■ **Given records**
⁂

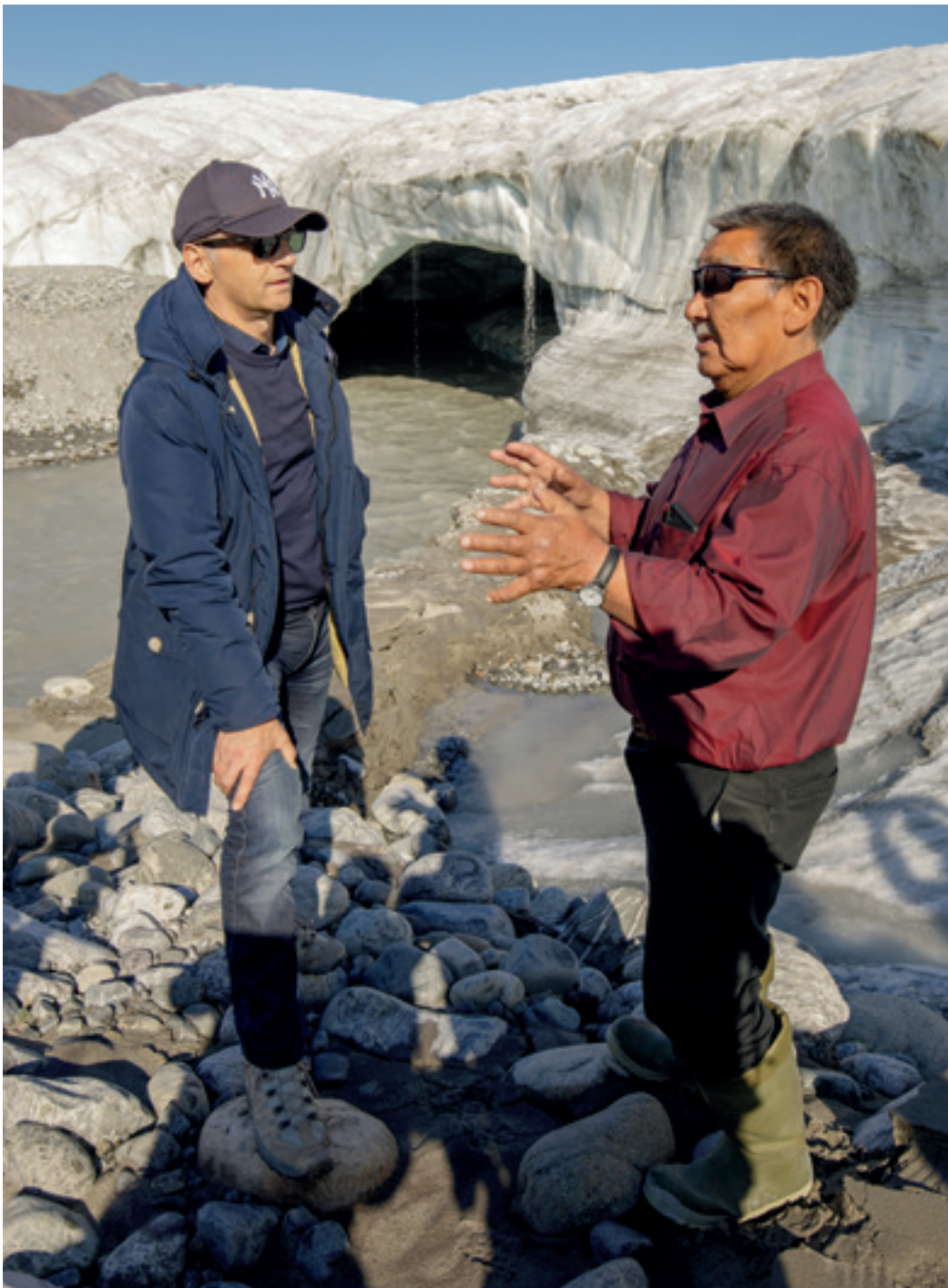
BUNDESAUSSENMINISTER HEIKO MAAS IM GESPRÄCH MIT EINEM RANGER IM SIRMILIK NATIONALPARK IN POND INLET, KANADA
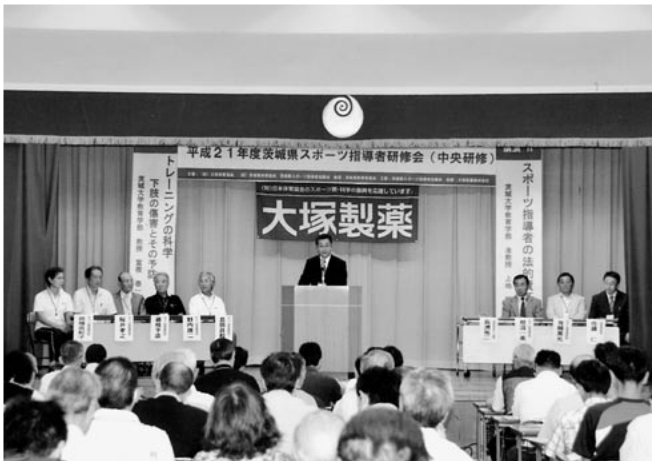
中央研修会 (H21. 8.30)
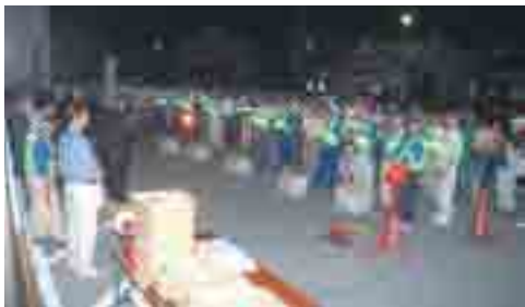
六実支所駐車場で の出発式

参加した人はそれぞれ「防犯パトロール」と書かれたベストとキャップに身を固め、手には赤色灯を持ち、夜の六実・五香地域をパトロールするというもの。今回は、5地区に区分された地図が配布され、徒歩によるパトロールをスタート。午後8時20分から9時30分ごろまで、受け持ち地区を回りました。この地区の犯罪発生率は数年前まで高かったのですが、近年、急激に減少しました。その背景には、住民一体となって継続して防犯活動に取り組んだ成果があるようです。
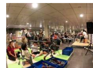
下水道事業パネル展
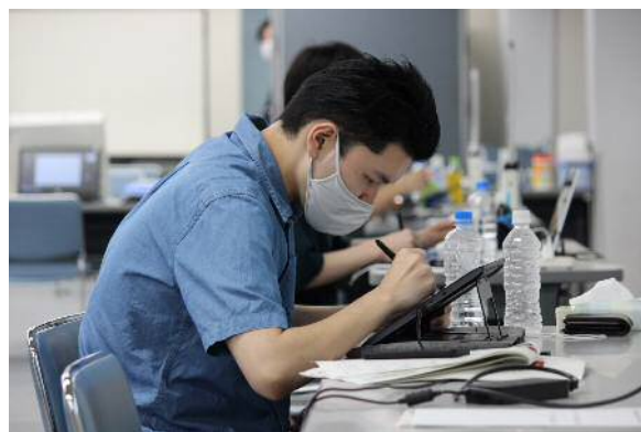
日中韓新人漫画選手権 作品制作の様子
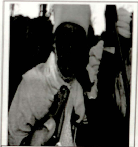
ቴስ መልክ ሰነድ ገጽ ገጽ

⁂

■ **Instructions for the task**
For each entry, copy the text exactly and leave out any image it carries.

■ **Expected answer**
BUNDESAUSSENMINISTER HEIKO MAAS IM GESPRÄCH MIT EINEM RANGER IM SIRMILIK NATIONALPARK IN POND INLET, KANADA
中央研修会 (H21. 8.30)
六実支所駐車場で の出発式

参加した人はそれぞれ「防犯パトロール」と書かれたベストとキャップに身を固め、手には赤色灯を持ち、夜の六実・五香地域をパトロールするというもの。今回は、5地区に区分された地図が配布され、徒歩によるパトロールをスタート。午後8時20分から9時30分ごろまで、受け持ち地区を回りました。この地区の犯罪発生率は数年前まで高かったのですが、近年、急激に減少しました。その背景には、住民一体となって継続して防犯活動に取り組んだ成果があるようです。
下水道事業パネル展
日中韓新人漫画選手権 作品制作の様子
ቴስ መልክ ሰነድ ገጽ ገጽ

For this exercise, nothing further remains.